Materialism and the "Disabled Subject" in Disability History

Saturday, January 9, 2010: 2:50 PM
Elizabeth Ballroom A (Hyatt)
Rachel Gorman , Women and Gender Studies Institute of the University of Toronto, Toronto, ON, Canada
A materialist analysis of disability emerged in the U.K. in the 1980s and 1990s, alongside developments in disability politics, culture and activism. In some ways, the growing disability rights movement and its emerging debates parallel experiences in feminist politics and writings. At the heart of both materialist feminism and materialist Disability Studies are the challenges of trying to understand the political, economic, and ideological aspects of oppression.
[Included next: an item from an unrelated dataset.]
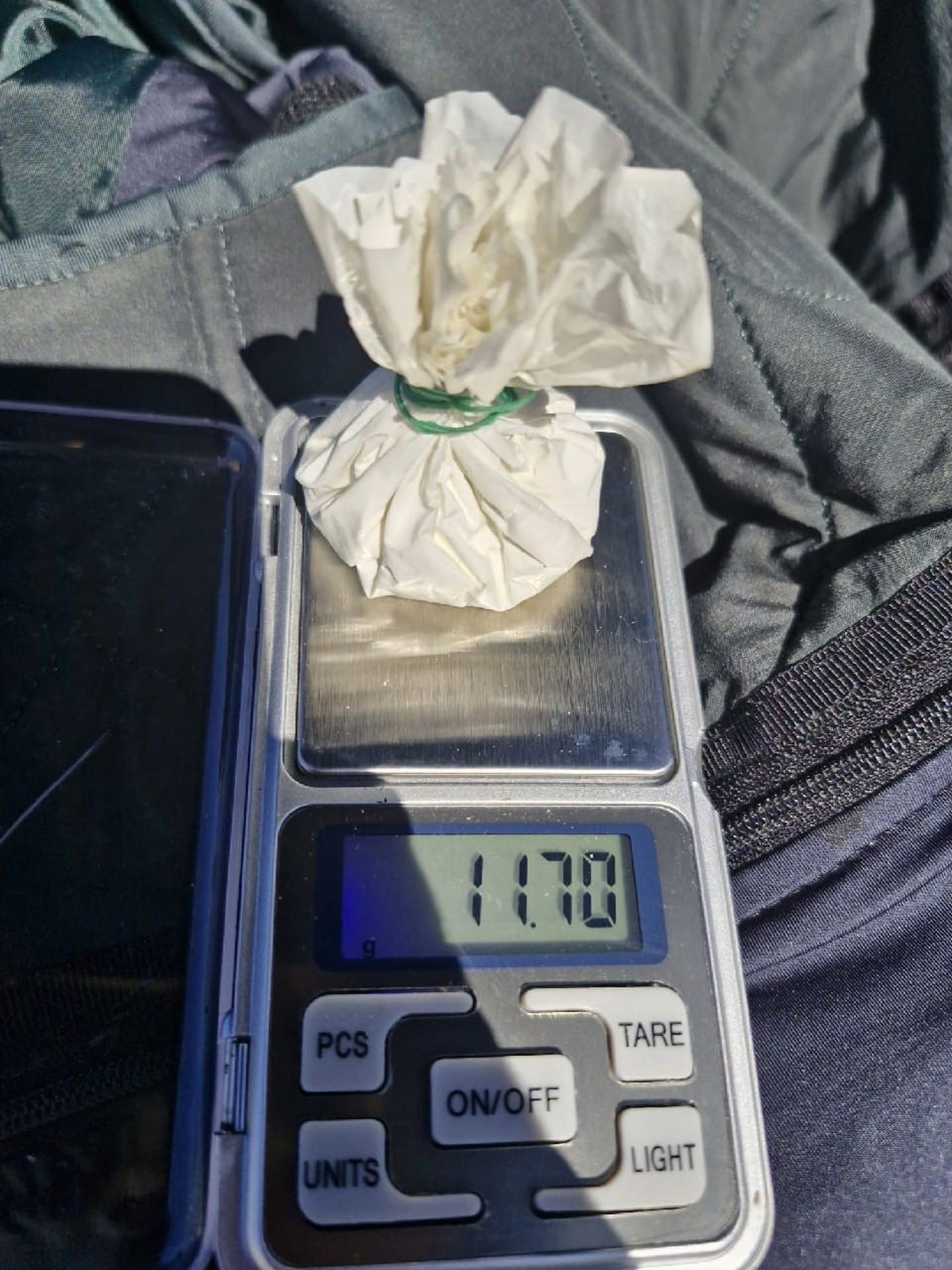 Tras detener el turismo en una zona segura, se procedió a identificar a los ocupantes y realizar un registro superficial del interior del vehículo. Bajo la moqueta de una guantera lateral, los agentes hallaron una bolsa de pequeñas dimensiones con una sustancia blanquecina que, tras el test de drogas, resultó ser positiva a compuestos anfetamínicos.
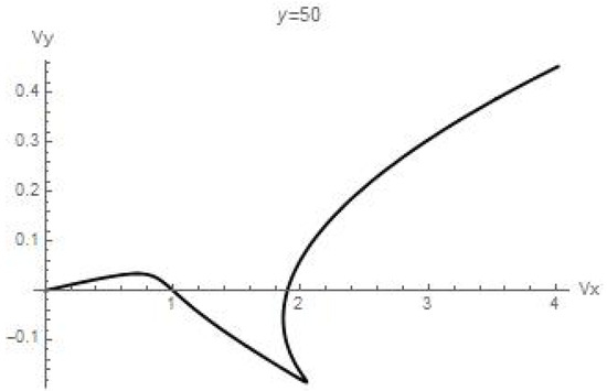 Note that the view of the hodograph , shown in Figure 4 is valid only for the cross-section y = 0, since, strictly speaking, due to expressions (27), it is also necessary to take into account the inhomogeneous terms in the expression for the velocity Vx. The corresponding term u2y, according to solution (30), is a linear dependence on the vertical coordinate Z, which leads to a “straightening” of the velocity profile U with distance from the control section y = 0 (Figure 5, Figure 6, Figure 7, Figure 8, Figure 9 and Figure 10).

Despite these aims, contradictory approaches to history and the disabled subject have plagued these projects. Himani Bannerji (1995) has identified ways that materialist feminists ended up creating an essential idea of woman, while creating a mechanical (abstracted and ahistorical) account of gender relations. In the case of the debate on materialism and disability, authors replicate these problems even as they critique them. Through a review of historical materialist approaches to disability, I will discuss the consequences of what Anne Borsay (2002) refers to as the nomothetic approach to history taken by several influential Disability Studies theorists. I will argue that these consequences include the writing of histories in which the category of disability either appears to be rigidly stuck to social conditions that existed in the past, or appears as a self-evident social identity. Distortions in our understanding of the history of the social relations of disability have contributed to an erasure of disability in the present global context—a context that includes, but is only partially explained by the structural barriers and institutional discrimination described by materialist Disability Studies theorists. Following Bannerji, I will argue that a historical materialist analysis of disability must take people's experience as a start-point. Historical study will allow us to trace the ways in which particular experience is mediated through social relations, and to connect immediate experiences of embodiment to concrete social contexts.